「授業のロスなくなる」 デジタル教科書で模擬授業

実際の指導場面に沿って解説された
実際の指導場面に沿って解説された

慶應義塾大学でこのほど開かれた「ことばと学びを開く会」(会長・髙木まさき横浜国立大学教授)の第10回研究大会では、デジタル教科書を使ってのワークショップなどが開かれた。

「さわって体感! 対話があふれるデジタル教科書最前線」のタイトルで開かれたワークショップの講師は、中川一史放送大学教授と渡辺光輝お茶の水女子大学附属中学校教諭。国語科教員らが受講した。

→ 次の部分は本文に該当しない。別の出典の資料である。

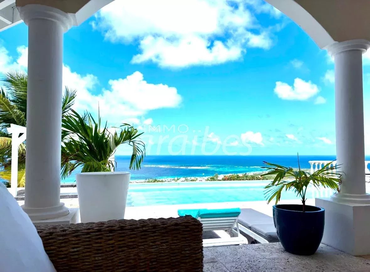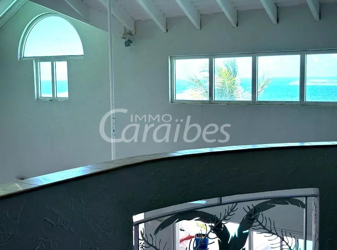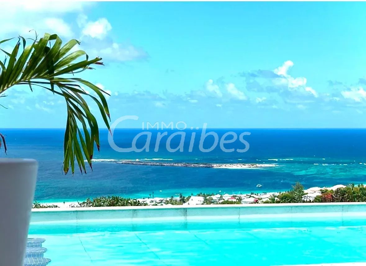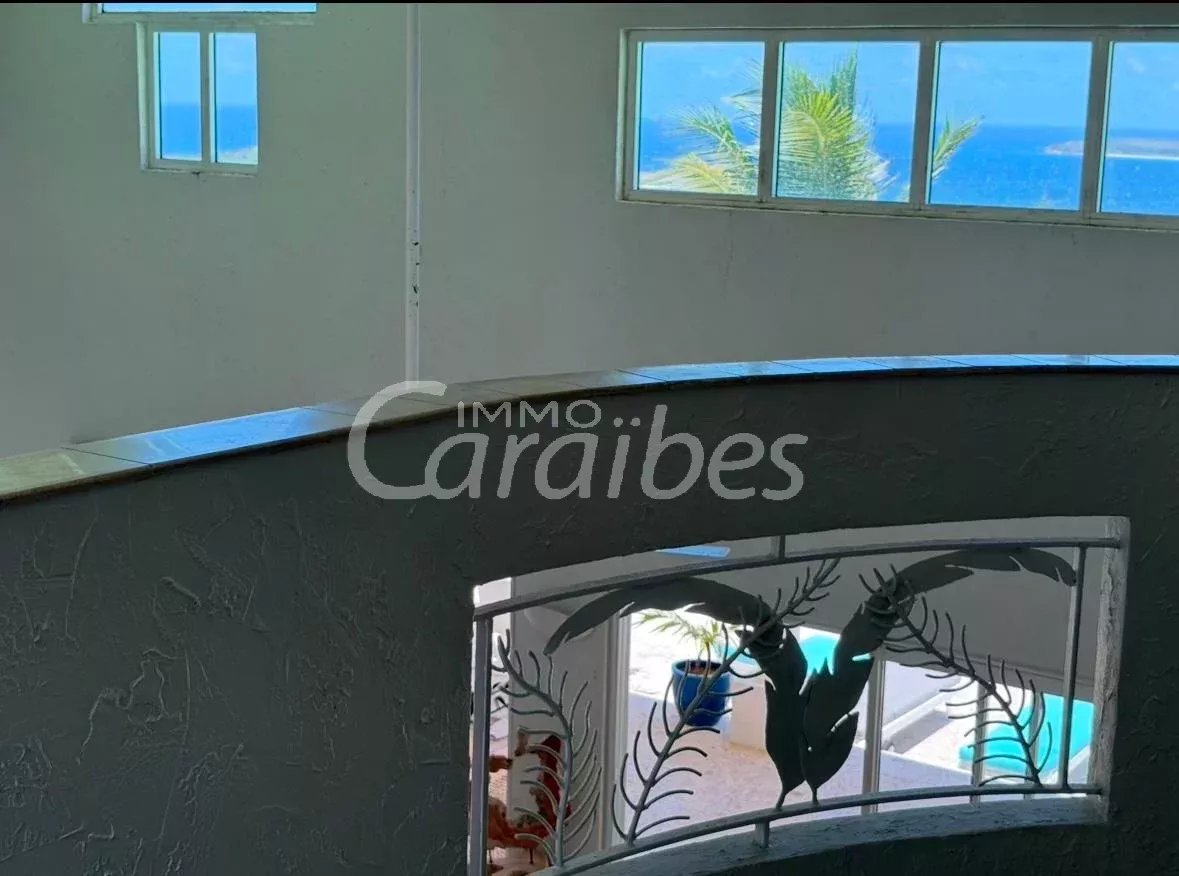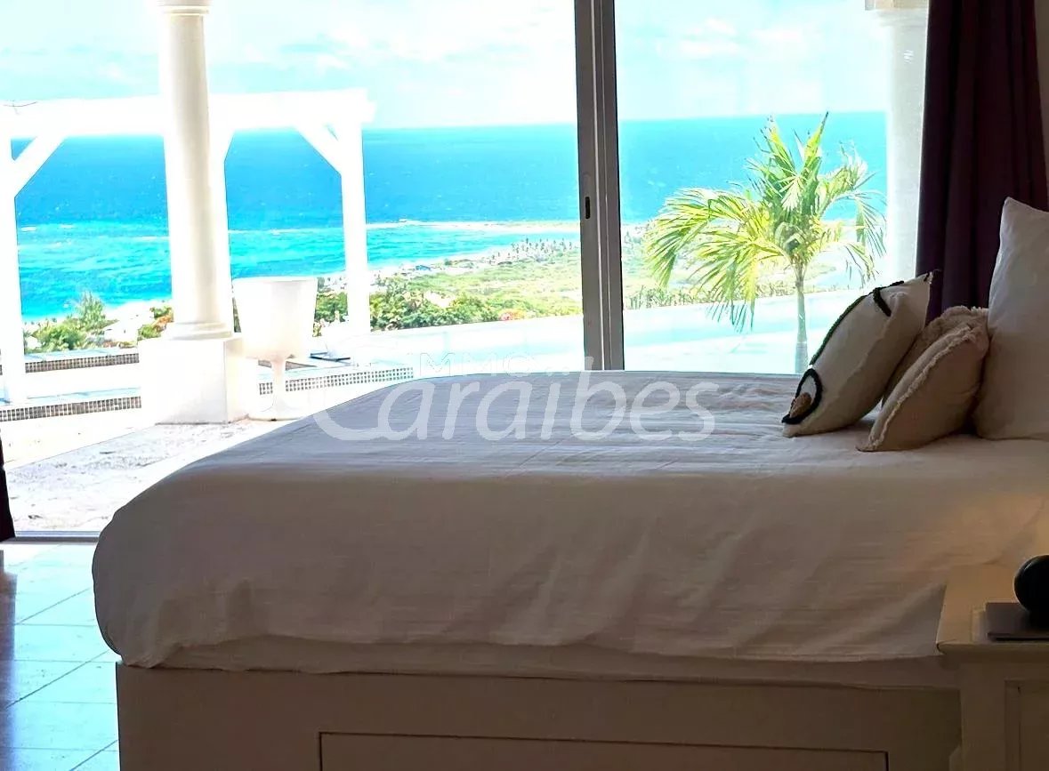Exceptionnelle et somptueuse villa d'architecte avec une vue mer spectaculaire à 180°, vue sur les îlet pinel et tintamarre, également Anguilla, Saint Barthélémy. Nichée au sommet des jardins d'Orient Bay. Très rare sur le marché de l'immobilier Une des plus belle vue de Saint Martin!! Idéale investisseur, plusieurs possibilités s'offrent à vous. Location saisonnière, location à l'année Description extérieure: -Secteur prisé et résidentiel avec un premier portail électrique -Entrée de la villa sécurisée avec un autre portail électrique -5 places de parking -1 Piscine panoramique avec un bar et des tabourets dans l'eau, idéal pour savourer de délicieux cocktails en contemplant la mer -1 terrasse panoramique de 350 m² Description intérieure: Le bien est vendu meublé et équipé Année de construction: 1996 La villa principale se compose de: -1 villa principale -2 appartements Toutes les pièces de la villa ont une vue imprenable sur la mer -350 m² habitable -4 chambres MASTER room vue mer (vous voyez la mer même allongé dans votre lit!) avec salles d'eau privatives attenantes -4 salles d'eau en marbres En rez-de-chaussée: -1 salon spacieux vue mer avec de hauts plafonds cathédrales, accés terrasse, vue mer et piscine -1 cuisine équipée vue mer ouverte sur le salon avec également accès terrasse et piscine -1ère Master room entrée indépendante avec salle d'eau à la Romaine et baignoire arrondie attenante privative, vue mer accès terrasse -1 seconde Master room entrée indépendante avec salle d'eau attenante privative vue mer accès terrasse -1 troisième Master room entrée indépendante avec salle d'eau attenante vue mer accès terrasse A l'étage: -1 bureau -1 quatrième Master room vue mer avec sa salle d'eau privative La villa principale est actuellement exploitée en location saisonnière -1 appartement vue mer spectaculaire avec entrée indépendante -85 m² habitable Tout équipé -1 chambre -1 cuisine -1 salon ouvert sur la cuisine -1 salle d'eau -1 autre appartement vue mer avec entrée indépendante et jacuzzi -1 terrasse d'environ 50 m² -127 m2 habitable -3 chambres (possibilité d'une 4ème chambres) donnant sur la terrasse -2 salles d'eau -1 cuisine -1 salon -1 local technique en sous sol d'environ 50 m² Tarif: 2 743 000 euros frais d'agence inclus (les honoraires sont à la charge du vendeur). Pour plus de renseignements ou organiser une visite merci de contacter par téléphone votre agent, SIMONE Fanny au (+590 690 20 12 10) immatriculé au RCS basse-terre 828 896 076 Sous la carte professionnelle ADC 9781 2 pour l'agence Immo Caraïbes 206 galerie les Acacias 97150 Anse Marcel CPI 9781 2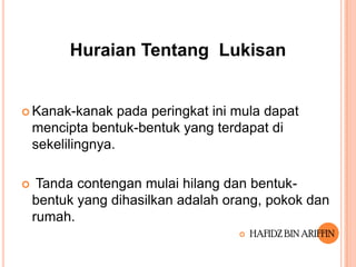 Istilah kanak-kanak adalah berbeza dengan anak meskipun mempunyai. Kematangan pada peringkat ini ialah. Scribbling 2-4 tahun Pada peringkat ini kemampuan kanak-kanak hanya menghasilkan garisan menegak melintang diagonal secara beransur-ansur sehingga menjadi ellipse.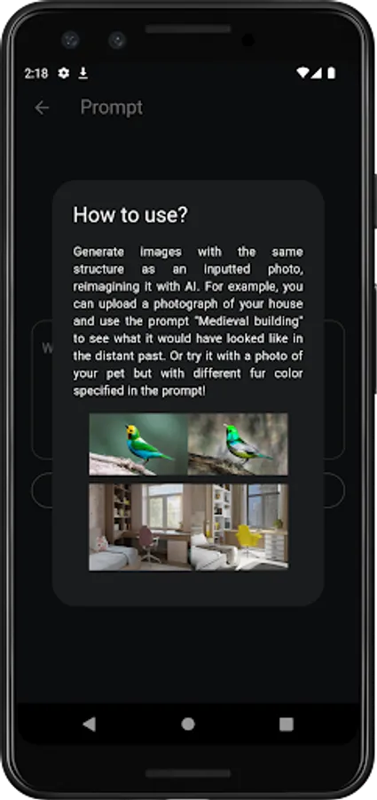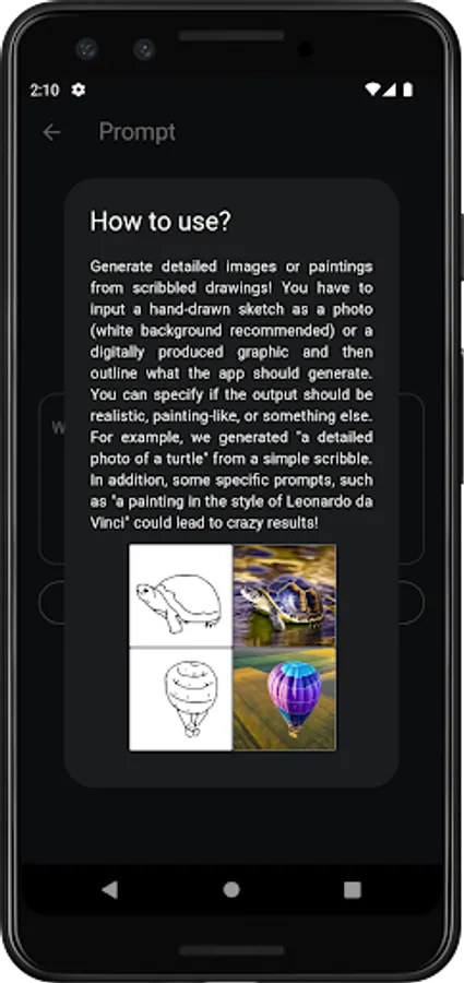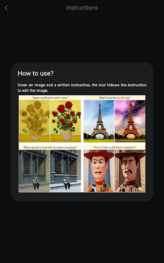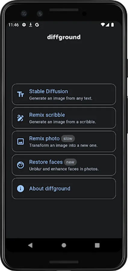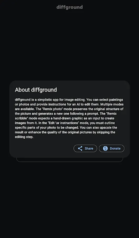 diffground is a simplistic app for image editing. You can select paintings or photos and provide instructions for an AI to edit them. Multiple modes are available. The "Remix photo" mode preserves the original structure of the picture and generates a new one following a prompt. The "Remix scribble" mode expects a hand-drawn graphic as an input to create images from it. You can also upscale and enhance the quality of your photos or generate completely new images from text.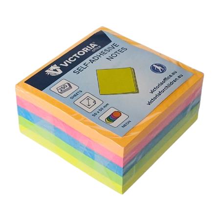 Samolepiaci bloček, 50x50 mm, 250 listov, VICTORIA OFFICE, neónové farby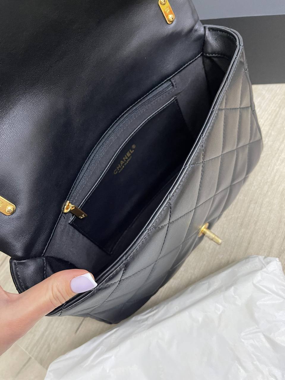 Внутреннее пространство сумки продумано так, чтобы удовлетворить потребности современных женщин. Удобные карманы и отделения позволяют организовать все необходимые вещи, сохраняя порядок и легкость в использовании. Вы сможете легко разместить в ней все свои аксессуары, косметику и другие мелочи, не теряя при этом в стиле. Эстетика Chanel всегда была на высоте, и эта модель не исключение. Выбор материалов, текстур и фурнитуры создает гармоничный образ, который будет радовать глаз и вдохновлять на новые модные эксперименты.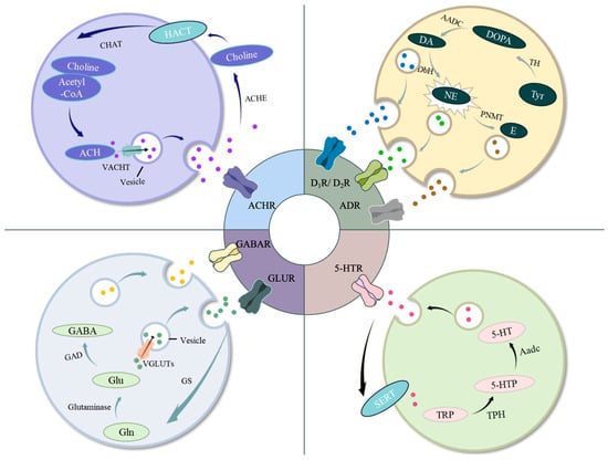 Glu and GABA are the principal neurotransmitters in the central nervous system. Both Glu and GABA are synthesized not only in the brain, but also in peripheral tissues and organs [,]. Glu primarily functions as an excitatory neurotransmitter, while GABA serves as an inhibitory neurotransmitter. These two substances exhibit opposing yet complementary physiological roles, collectively regulating the normal functioning of the nervous system []. Glutamate is synthesized in neurons from intermediates of the glucose-derived tricarboxylic acid cycle and branched-chain amino acids, a process catalyzed by glutaminase using glutamine (Gln) as a precursor. Within neurons, cytoplasmic glutamate is encapsulated into vesicles by vesicular glutamate transporters for subsequent extracellular release. Upon neuronal depolarization and the initiation of signal transduction, these glutamate-containing vesicles are released into the synaptic cleft, where they bind to three types of ionotropic glutamate receptors (iGluRs): N-methyl-D-aspartic acid receptor (NMDA), α-amino-3-hydroxy-5-methyl-4-isoxazole-propionic acid receptor (AMPA), and kainate receptors [], as well as metabotropic glutamate receptors (mGluRs). Subsequently, glutamate is removed and converted into Gln through the action of glutamine synthetase []. The synthesis of GABA is facilitated by the enzymatic action of glutamic acid decarboxylase (GAD), which catalyzes the α-decarboxylation reaction using Glu as a precursor. GABA exerts its effects through GABAA and GABAB receptors, which are classified into two primary categories: ionotropic receptors and metabotropic receptors, respectively [].

中川教授は学習者用デジタル教科書を使うメリットを、「個別学習で使うだけでなく、ペアやグループで資料を拡大したり、書き込みながら議論したり、リーフレットなどの成果物を制作したりする学習活動などにも役に立つ」と説明。先行実践例を示し、「これまでの机間指導では、①子供の様子を観察する②教師が意味をくみ取る③指導が必要か判断して必要なら指導する――というステップで、①と②の時間的なロスが多かったが、デジタル教科書は一覧でリアルタイムで見られるため、児童生徒の考えを教師がより見られるようになる」と説明した。

続いて、渡辺教諭がデジタル教科書を使った模擬授業を行った。「デジタル教科書の中のコンテンツを自分の視点で再構成し、新聞を作る」内容。全文表示や色分け、スタンプ機能などを活用。参加した教員らは学習者用のデジタル教科書を使って、読む学習に、聞く、書くなどを関連させた総合的な学習を生徒として体験した。

同大会では他にも、アクティブ・ラーニングを取り入れた国語の授業など、計9の講座・ワークショップが行われた。